— Все, что я могу сказать тебе о нем, — отвечал Обернэ — так это то, что после своего отца я никого не уважаю, как его, а после отца и тебя я никого не люблю так, как его.
— После меня? Благодарю тебя, друг мой! Какое доброе слово, а я-то боялся, что недостоин его.
— Это почему? Я ведь не забыл, что в деле переписки я оказался самым ленивым. Но подобно тому, как ты понял эту мою слабость, я верил, что ты простишь мне ее. Ты достаточно знал меня для того, чтобы быть уверенным, что если, как товарищ, я недостаточно отзывчив, то, по крайней мере, я друг вполне верный.
Я был сильно тронут и почувствовал, что люблю этого молодого человека всей душой. Я простил ему то превосходство воззрений и характера, которое накануне он, по-видимому, выказал относительно меня и начал опасаться, что он и в самом деле имеет на то право.

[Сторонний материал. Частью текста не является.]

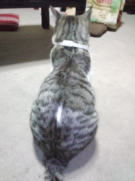 背中のトラ模様の中に一点だけ白い毛が入っています

Он прилег отдохнуть и, пока он спал, головой в тени, а ногами на солнце, я снова принялся рассматривать его с интересом, как мы рассматриваем всякого человека, который, чувствуем мы, будет иметь влияние на нашу жизнь. Не знаю почему, я принялся проводить мысленно литературно-описательную параллель между ним и евреем Мозервальдом. Это представлялось мне самой естественной антитезой: один жирный и ленивый, как упитанный едок, другой деятельный и худощавый, как ненасытный искатель. Первый желтый и лоснящийся подобно золоту, бывшему целью его жизни. Другой свежий и цветущий, как горные цветы, которые он так любил и которые, подобно ему, были обязаны жгучим ласкам солнца роскошью своих красок и чистотой их тонких тканей. Для моего воображения, в то время молодого и ликующего, это было признаком ясно определённого призвания в моем друге. Впрочем, я всегда замечал, что всякие резкие умственные стремления проявляются внешним образом в какой-нибудь физической особенности индивидуума. Иные орнитологи наделены птичьими глазами, некоторые охотники похожи манерами на преследуемую ими дичь. У простых виртуозов-музыкантов уши устроены известным образом, тогда как у композиторов форма лба указывает на их резюмирующую способность, и они как бы слышат мозгами. Крестьяне, разводящие волов, бывают медлительнее и тяжелее тех, что разводят лошадей, и родятся такими от отца к сыну. Словом, не желая пускаться в многочисленные примеры, я могу сказать, что Обернэ представлял собой живое доказательство моей системы. Впоследствии я безусловно убедился, что если его лицо, хотя и лишенное настоящей красоты, тем не менее в высшей степени симпатичное, походило на яркую розу, то его душа, хотя и лишенная инициаторского гения, обладала глубокой прелестью гармонии и как бы сладким и чудным запахом честности.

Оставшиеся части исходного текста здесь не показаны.